Eight data sets were used to create the 32 graphs. Each data set was constructed to adhere to the What Works Clearinghouse (WWC, 2022) criteria version 5.0 for multielement/alternating treatments designs were consulted with to eliminate the potential confound of limited data per conditions. The WWC is a widely recognized resource with rigorous standards for designing and conducting educational research. As such, each data set included 4 data points per condition. Each data set included 20 sessions, in which play, tangible, demand, attention, and alone conditions were presented in a quasi-random order across sessions. Four data points were generated in sets of five representing each of the five conditions using a random number generator function in the R ecosystem called runif(). The parameters included in the random number generator code were as follows: (1) the data point was a continuous outcome, and (2) the data points were bounded based on the y-axis scale. For example, in data set #2 the y-axis represents property destruction per minute and is scaled from 0 to 3. Bounds for scaling were included when generating the data points. Eight distinct graphs were created using this method and no additional graphs were created. Conditions were applied to each data set after the data were graphed and the modified visual inspection (MVI; Roane et al., 2013) was used as an objective approach to identify the function of each multielement design data set. Posted on the corresponding OSF page and named Multielement Design Graph Sets with Results is each graph set with the identified function based on MVI. Also posted on the corresponding OSF page is an R Markdown document that includes example code that we used for generating data points.

Modified Visual Inspection

The secondary purpose of the study was to evaluate the extent to which visual analysts’ responses aligned with MVI. MVI is well-established in the literature for interpreting functional analysis outcomes (e.g., Roane et al., 2013; Wacker et al., 2013; Hagopian et al., 2013), and MVI criteria has been exclusively applied to standard functional analyses that are presented in a multielement design format.
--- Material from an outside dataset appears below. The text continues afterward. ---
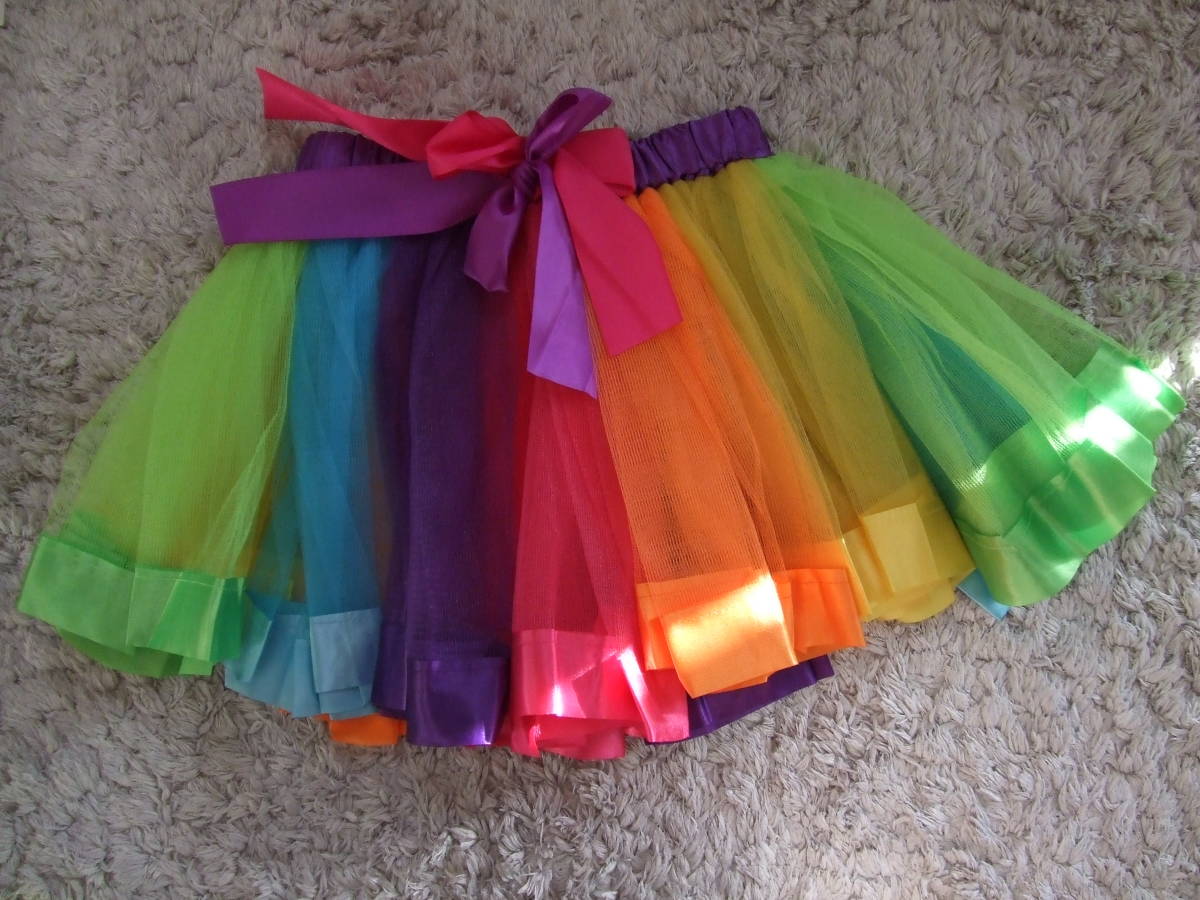 > キッズ衣装*カラフルチュチュスカート*Lサイズ*レッグカバー*レッグウォーマー*髪飾り*リボン*美品*ダンス衣装*フリルスカート*美品*

For both reasons we selected to use MVI to detect a function of dependent variables. An alignment agreement occurred when the visual analyst identified all of the functions detected using MVI. Partial matches were coded as a disagreement. MVI criterion requires placing an upper and lower criterion line 1 SD above and below the mean of all points in the play condition to detect a function. If all of the data points in the play condition are zero, then both criterion lines are placed on this value. The MVI is scored as multiple functions, if more than one condition meets the criteria for differentiation. We refer the reader to the Appendix in Roane et al. (2013) for detailed instructions that also include rules for trends, low-rate behavior, and low magnitude of effects. In summary, MVI enables the ability to assess data point percentages, trends, rates of behavior, and multiple maintaining variables, all in perspective of the criteria lines.

Interrater Reliability

Interrater agreement (IRA) of MVI was collected on 50% of the graphs developed using the Roane et al. (2013) criteria. The IRA observer held her BCBA and had 11 years of experience developing and analyzing SCED graphs which included functional analyses displayed on multielement design graphs. To calculate MVI, the BCBA read the criteria and the researcher modeled computing the MVI on a separate graph and then provided a different multielement design graph for the observer to compute MVI independently. When an IRA of 100% was obtained during training, the second observer then analyzed a randomly selected sample of 50% of the multielement design graphs included in the survey.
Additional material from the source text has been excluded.